Algiers (Algeria), Nov. 30, GNA – The Coalition for an Effective African Court on Human and Peoples’ Rights (the African Court Coalition) has called for support for the implementation of the Maputo Protocol on the rights of women in Africa 20 years after its adoption.
The Protocol to the African Charter on Human and Peoples’ Rights on the Rights of Women in Africa, also known as the Maputo Protocol on Women’s Rights, provides comprehensive rights for women and girls in Africa.
Speaking to the Ghana News Agency in Algiers, Algeria, on the sidelines of the just-ended Sixth African Union Judicial Dialogue, Ms. Sophia Ebby, African Court Coalition Coordinator, explained that the Protocol guaranteed extensive rights to women.
She said civil society organization, governmental and non-governmental entities must support the protocol by adopting and putting in place pragmatic measures towards its implementation, which included the right of women to take part in political processes.
Ms. Ebby said women’s social and political equality with men, improved autonomy in their reproductive health decisions, and an end to harmful traditional practices such as female genital mutilation, among others, must be eliminated where they still exist.
The African Court Coalition Coordinator noted that the Maputo Protocol also provided a wide spectrum of civil, political, economic, social, cultural, and environmental rights and is considered one of the most progressive human rights instruments globally.

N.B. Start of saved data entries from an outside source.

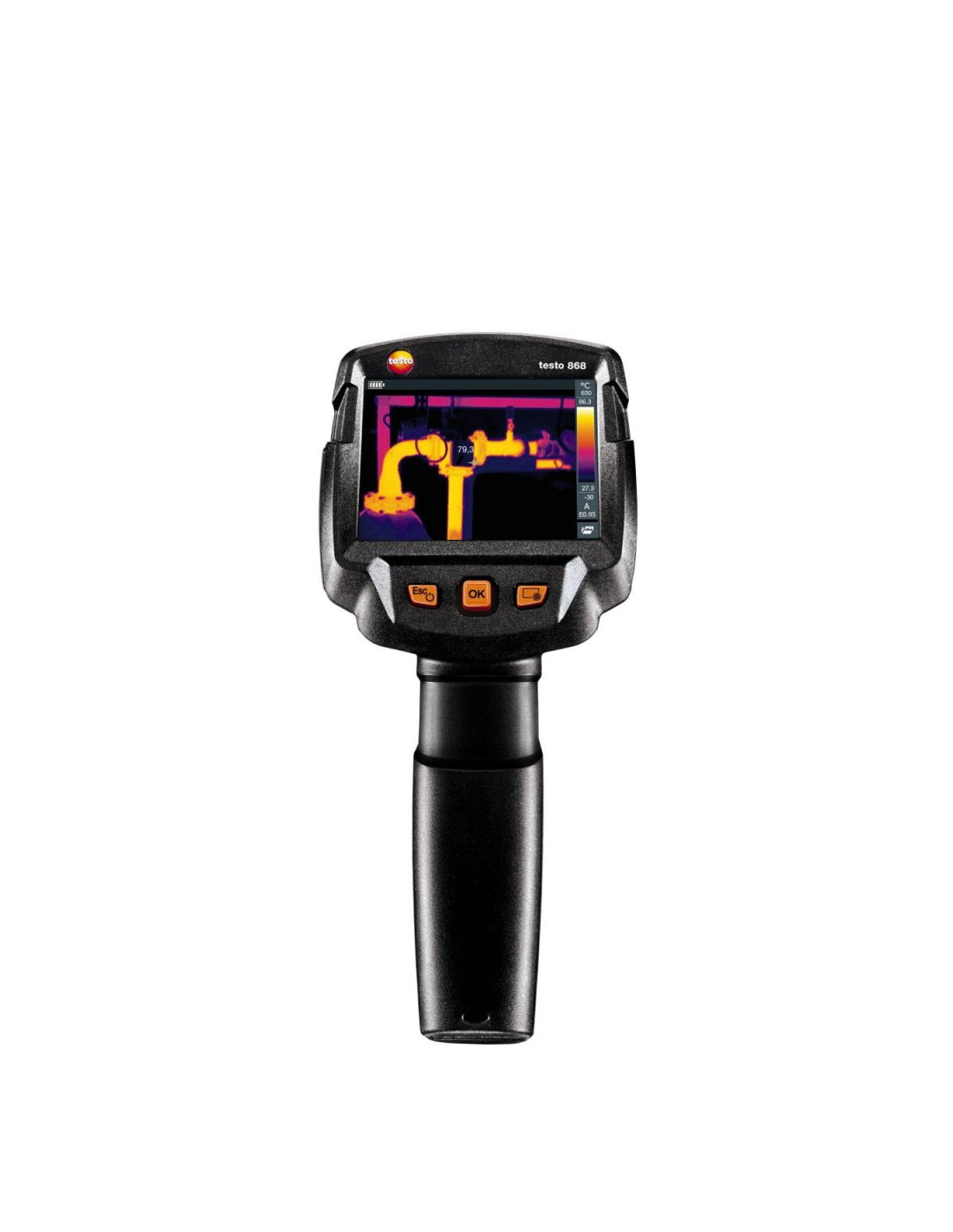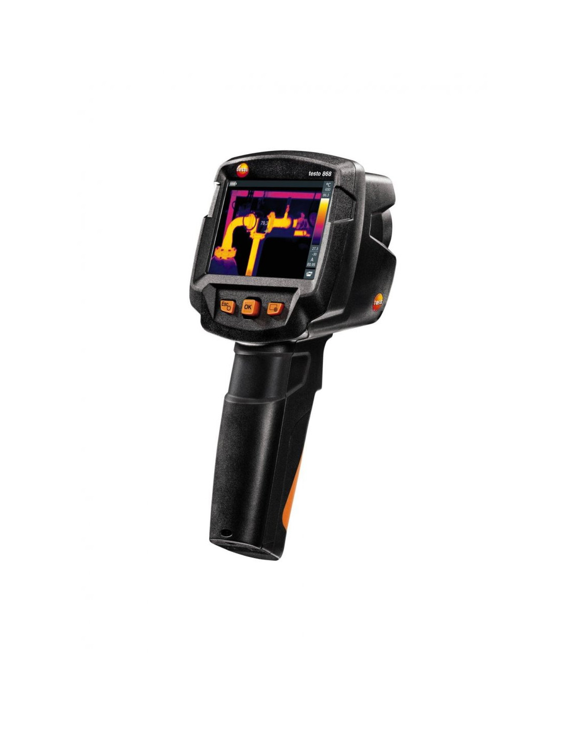 Kamera termowizyjna testo 868 oferuje profesjonalną technologię i charakteryzuje się prostą i szybką obsługą. Posiada opcje generowania porównywalnych i bezbłędnych obrazów termowizyjnych za pomocą poręcznych funkcji. Fukcje IFOV warner, testo ɛ-Assist i testo ScaleAssist oznaczają, że można uniknąć bledów pomiarowych, bez trudu osiągnąć optymalne ustawienie emisyjności (ɛ), temperatury odbitej(RTC) oraz skalę temperatury i paletę barw.
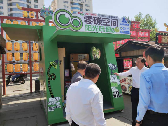 小屋內(nèi),文創(chuàng)產(chǎn)品展示區(qū)、自動販?zhǔn)蹤C等功能模塊已調(diào)試完畢,計劃在五一期間推出各類文創(chuàng)特色商品,通過“零碳空間+文創(chuàng)消費”場景化體驗,吸引游客深度參與。孟光拿起一款文創(chuàng)鑰匙扣向彭城投資公司負責(zé)人問到:“這些特色商品的供應(yīng)鏈準(zhǔn)備如何?有沒有考慮線上線下聯(lián)動?”項目團隊回應(yīng),五一期間將同步開啟 “零碳空間直播間”。孟光指出:“要抓住文旅熱潮,讓零碳空間成為游客‘打卡即消費、體驗即傳播’的新觸點?!?
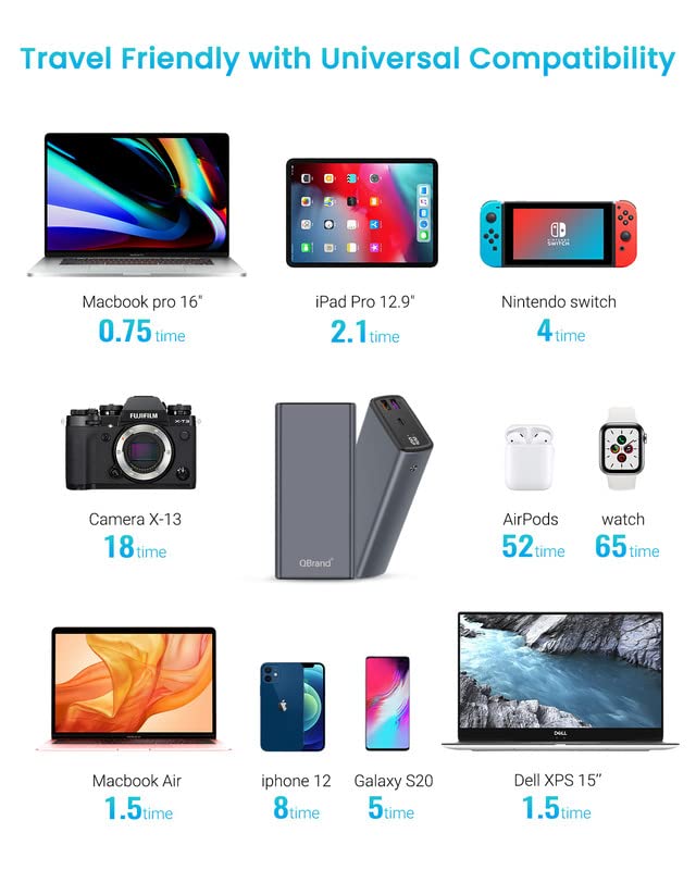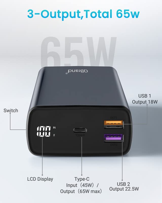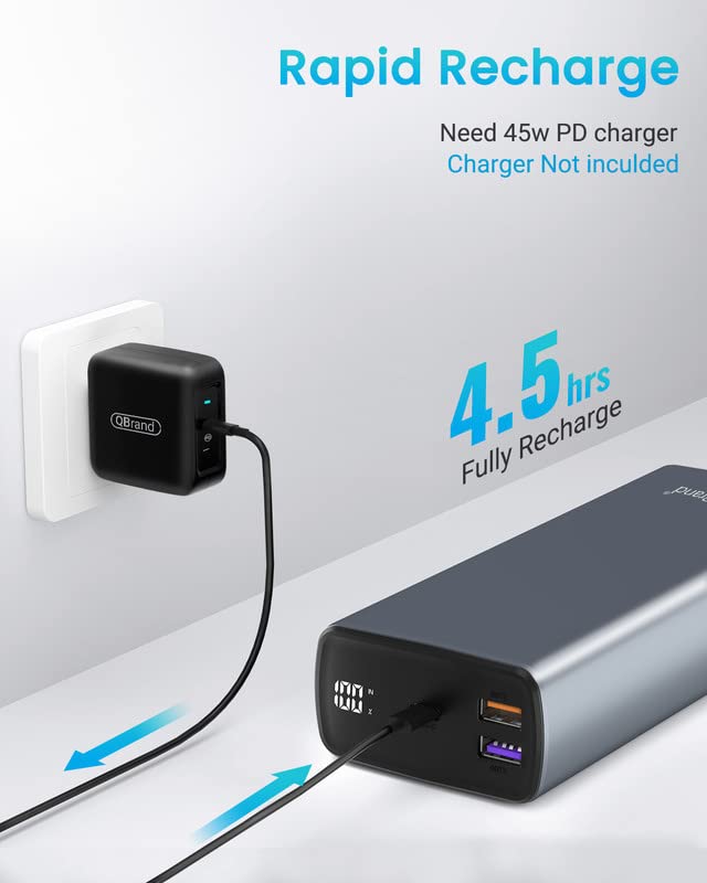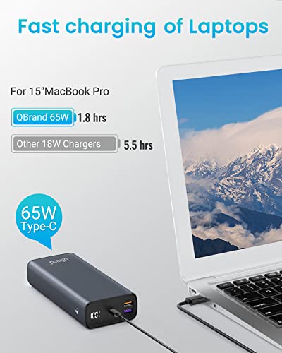 QBrand Power Bank 65 W 30 000 mAh, szybka ładowarka do laptopa, Power Bank USB C QC 3.0 Power Delivery 3 wyjścia i wyświetlacz LED zewnętrzny akumulator z do MacBook Pro, Dell, Lenovo, Samsung, Huawei, iPhone
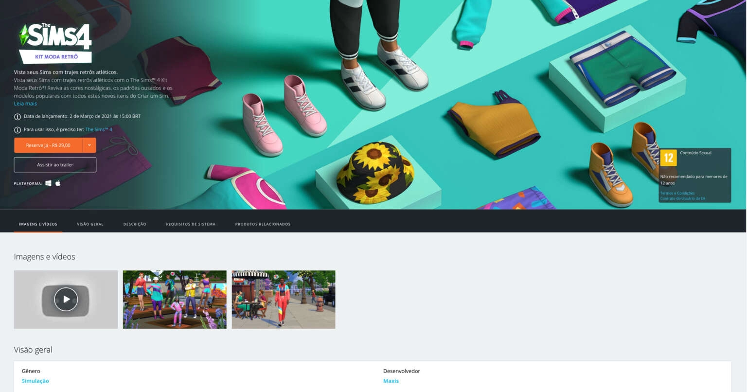 Vista seus Sims com trajes retrôs atléticos com o The Sims™ 4 Kit Moda Retrô*! Reviva as cores nostálgicas, os padrões ousados e os modelos populares com todos estes novos…
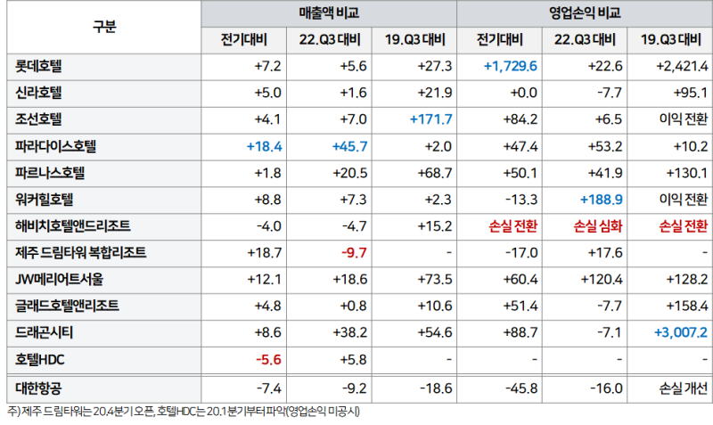 국내 호텔 재무실적 현황 및 분석(2023년 3분기)
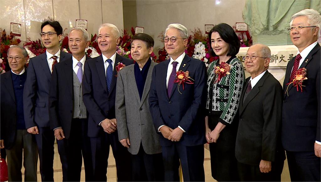 吳東亮夫妻以及魏寶生等人,特意到創辦人吳火獅銅像前致意。圖/台視新聞

She said, despite positive achievements registered recently in decision-making, women make up the largest proportion of our population.

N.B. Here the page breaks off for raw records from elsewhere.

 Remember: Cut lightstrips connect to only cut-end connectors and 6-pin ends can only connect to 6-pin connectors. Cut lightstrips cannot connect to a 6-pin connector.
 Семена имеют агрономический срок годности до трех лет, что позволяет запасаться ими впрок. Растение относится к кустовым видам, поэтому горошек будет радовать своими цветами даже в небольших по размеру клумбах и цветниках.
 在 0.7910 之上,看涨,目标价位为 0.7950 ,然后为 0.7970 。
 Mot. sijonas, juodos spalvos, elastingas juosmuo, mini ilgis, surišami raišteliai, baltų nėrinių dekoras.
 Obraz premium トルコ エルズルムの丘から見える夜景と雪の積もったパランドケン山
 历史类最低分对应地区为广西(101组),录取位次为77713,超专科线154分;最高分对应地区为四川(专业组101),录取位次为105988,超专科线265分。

“Women still remain vulnerable, at-risk, and impoverished due to the challenges caused by social, economic, cultural, and political marginalization, gender-based violence and discrimination against women, terrorism, conflict, and fundamentalism,” Ms. Ebby noted.
Explaining the role of the African Court Coalition, Ms. Ebby said it is a membership-based organisation made up of Civil Society Organisations, independent human rights institutions, and individual members advocating an effective and independent African Court.
She said the Coalition was formed in May 2003 in Niamey, Niger during the first conference to promote the Protocol to the African Charter on Human and People’s Rights on the Establishment of an African Court.
Ms. Ebby said the coalition had an interest in and commitment to a strong human rights protection mechanism in Africa.
“Our main objectives are to secure full ratification of the Protocol establishing the African Court and ensure that judges are nominated and elected in a transparent manner.
“We also provide a forum for civil society to actively participate in the establishment of the African Court and provide technical support to the African Union (AU) and the African Court,” she noted.
Ms. Ebby said since 2003, the coalition had undertaken a number of strategic activities geared towards the effective functioning of the continent’s first human rights court.
It had also undertaken a number of awareness-raising programmes with governments and conducted research on the need to nominate competent judges to the Court in line with the AU’s guidelines on nominations.